Nous avions alerté le bureau des rémunérations de situations atypiques de collègues anciennement vacataires durant la période 2015-2018 devenus titulaires à la DASCO (ATE, ASEM, adjoints d'animation) ou sur une autre direction.

Normalement, tous les collègues concernés sont identifiés. Néanmoins, si vous avez été oublié(e), contactez-nous.

À ce jour, le rattrapage obtenu par le SUPAP-FSU a bénéficié à 1 156 collègues vacataires.

Dans le détail, 1 029 collègues ont bénéficié du rattrapage 2019, 1 156 pour 2018, 818 pour 2017. Pour le rattrapage versé ce mois d'octobre, 625 collègues seront concernés pour l'année 2016 et 567 pour l'année 2015.

La DRH a identifié quelques dizaines d'anomalies liées à des situations complexes qui seront régularisées d'ici la fin d'année sur les paies d'octobre-novembre-décembre.

D'autres collègues anciennement vacataires entre 2015 et 2018, mais n'ayant pas travaillé en 2019, peuvent encore bénéficier de ce rattrapage à condition d'effectuer au moins une vacation d'ici le 31 décembre 2019.

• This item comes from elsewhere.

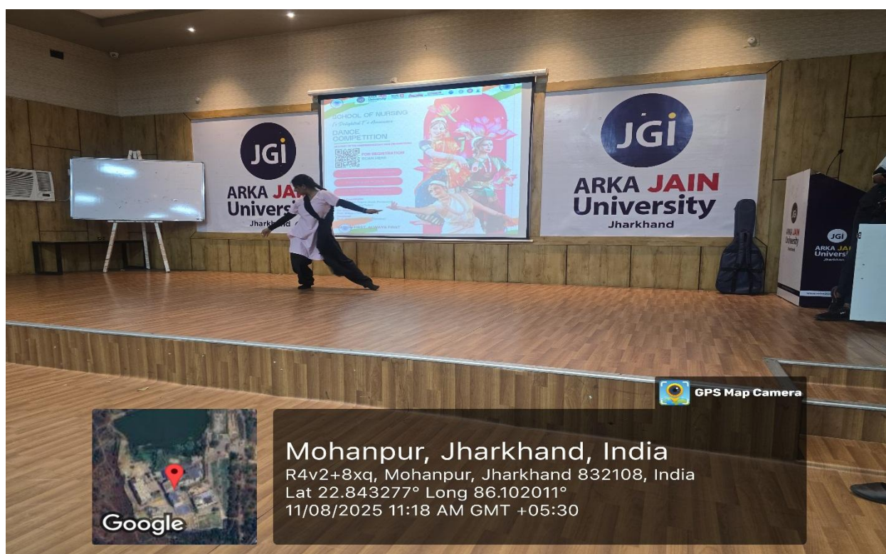
Fig.4- Patriotic Dance Performed by Student

LES DEMANDES DU SUPAP-FSU POUR L'AVENIR

Cette opération de rattrapage rétroactif est évidemment une belle victoire obtenue par notre syndicat pour 1 156 collègues vacataires, avec à la clé un remboursement de plusieurs milliers d'euros pour la majorité d'entre eux, mais cela n'est pas suffisant.

Notre organisation syndicale demande :

  • La contractualisation des gardiens "faux vacataires" en postes fixes à l'année. Rappelons que l'emploi de vacataires sur des postes permanents  est illégal !
  • L'augmentation du taux de vacation pour les "vrais vacataires" effectuant des remplacements occasionnels. La Ville a les moyens de rémunérer ses agents au dessus du minimum légal !
  • Une intervention rapide sur le logiciel de paie pour faire apparaître le taux de vacation. Les collègues doivent pouvoir lire facilement leur fiche de paie et vérifier que la paie reçue reflète bien le nombre d’heures effectuées !
  • L'envoi des attestations employeur la semaine suivant la demande de l'agent. Il est inadmissible de devoir attendre parfois plus de deux mois pour recevoir ce document indispensable pour bénéficier de l'indemnisation du chômage ! Pour cela, la Ville doit recruter les personnels nécessaires.